Beyond the stretch of time was the responsibilities of the people. If the people did nothing for the fog it would stay, darkness raging like the sun, blinding in its own right, suffocating in every other. Despite the sense of purpose that the people hid behind, there was a dread that came along with the mistakes of the past.

And a sense of purposelessness that came with fixing them.

The fog just rolls on, following the ship. Trailing after, miles before. It has been like that for a long time. Occasionally they will see land, but they never approach. The land was not for them anymore, and if anyone said otherwise then they were just lying. Or perhaps a mirage formed from something almost similar to hope.

Not that there was much for them to hope for. The rain and the dark are theirs now. The cold was comforting, the heavy feeling in your lungs a friend. The other souls on the ship just memories of when things were different. Maybe better, maybe worse, who could say anymore. There’s very little left to say. There’s very little left to do but to continue.

Up at the wheel there’s the captain, hands on the wheel as they had been for the last few lifetimes, her eyes watching in front of her, never quite settling on the sailors below on the deck, never quite looking at anything but the fog in front of the ship, as though it was something that would change, as though there’s something that may appear.

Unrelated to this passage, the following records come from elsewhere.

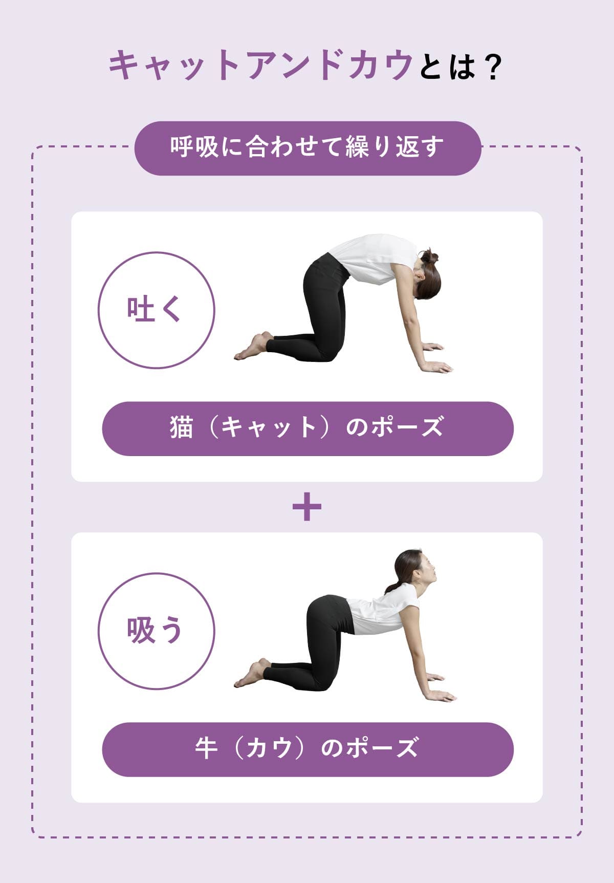 キャットアンドカウは、四つん這いの姿勢から背骨を丸める「猫のポーズ(キャットポーズ)」と、背中を反らせて胸を開く「牛のポーズ(カウポーズ)」を呼吸に合わせて繰り返すヨガの動き。猫の丸まる動きと、牛の背中が反った姿をイメージした動きから、キャットアンドカウと呼ばれている。静止するポーズとは異なり、呼吸と連動した連続的な動きが特徴となる。猫のポーズと牛のポーズを一緒に行うことが多いが、必ずしも一緒に行う必要はなく、別々に行っても良い。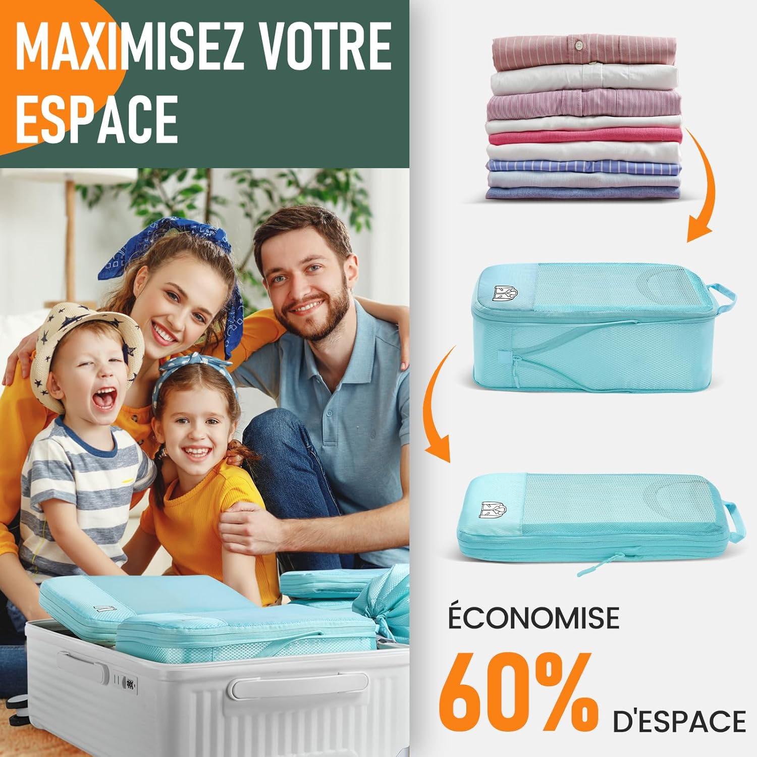 MAXIMIZE YOUR LUGGAGE SPACE AND STAY ORGANIZED – Increase your luggage efficiency by 30% with our poussée beauté. Simply zip the zip to compress and reduce bulk, saving you even more space in your suitcase. The cubes of different sizes can écran your clothes, shoes and toiletries. Keep your clothes well packaged, wrinkle free and organized for a worry-free journey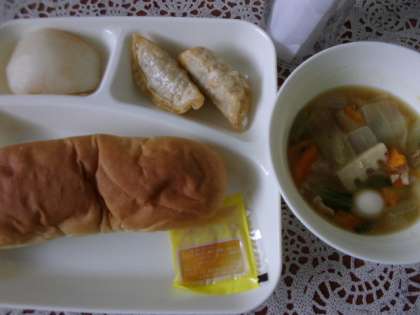 今日から2学期の給食がはじまりました。今日の献立は、「大型コッペパン、アプリコットジャム、鶏肉と野菜のうま煮、あげギョーザ、なし(二十世紀)、牛乳」でした。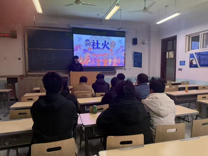 活动伊始,社团社长刘瑞豪围绕“社火里的文化密码”展开系统讲解。在首次活动的基础上,本次内容进一步聚焦技艺细节与文化内涵:从社火脸谱“红忠绿勇、黑刚白奸”的色彩象征意义,到高跷、芯子等表演形式中蕴含的民间智慧,再到陕西社火与当地历史文化的深刻关联。讲解者通过图片、短视频等多种形式,将民俗知识转化为生动案例,帮助成员认识到社火不仅是节庆表演,更是承载集体记忆与价值观念的文化载体。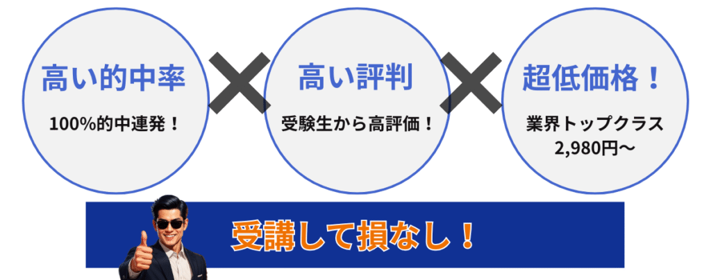 出題範囲が曖昧でわからない科目だからこそ、プロに頻出テーマを絞ってもらうことで一気に差がつきます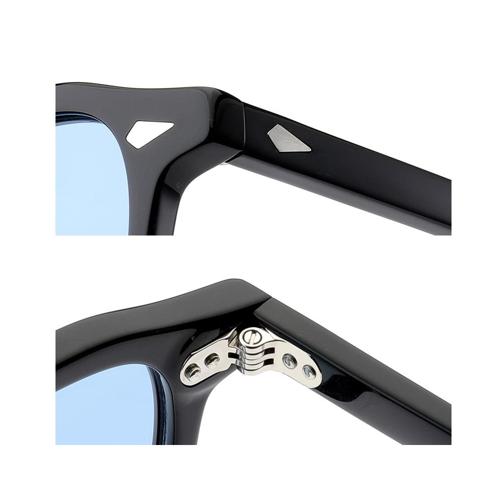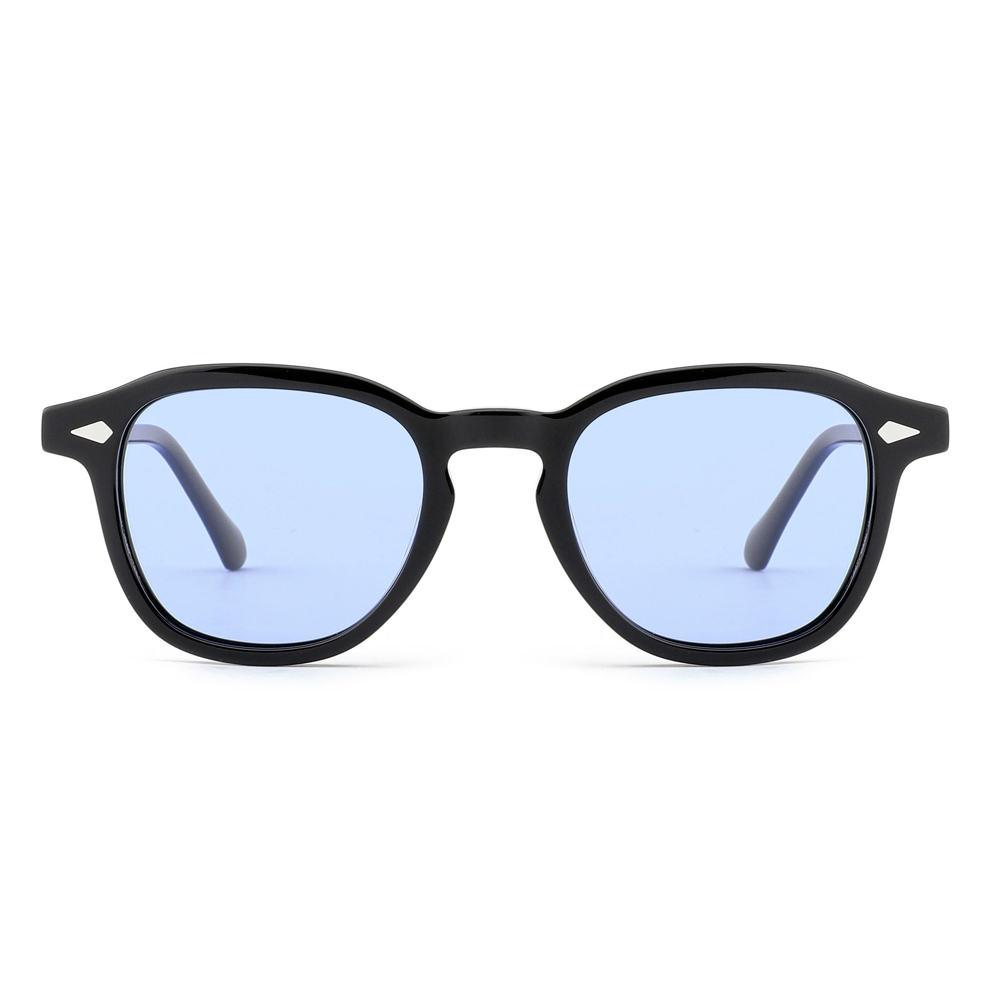 Round black frame with blue polarized lens .and the rivet looks very nice !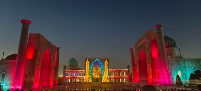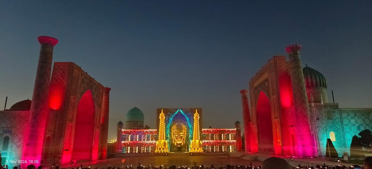 Samarqand, Uzbekistan, muisumut.or.id –3 November 2024,  Rombongan MUI Sumatera Utara sangat antusias menyaksikan pertunjukan proyeksi 3D spektakuler yang digelar setiap hari setelah magrib di Registan Square, Samarkand. Pertunjukan ini memukau ribuan penonton dengan menampilkan perjalanan sejarah melalui perpaduan musik dan cahaya di tengah situs bersejarah. Proyek ini merupakan program permanen dari pemerintah Uzbekistan untuk meningkatkan daya tarik wisata di Samarkand, kota yang telah lama dikenal sebagai salah satu pusat kebudayaan Islam.

As though there is anything or anyone at all.

The captain stood on in the port, waiting for the sailors to be ready. She took in a breath, her lungs stinging with what she would have never thought fog to be. Now it was just air. She had lost the memory of clear, warm air weeks ago.

When they leave, it’s quiet. The port just as busy as it would be, but the people are silent. The slight swaying of shop signs, their screams echoing. The scurrying of the rats through the streets if you listened hard enough.

They just watched as the ship left, sailing into the fog and towards its death.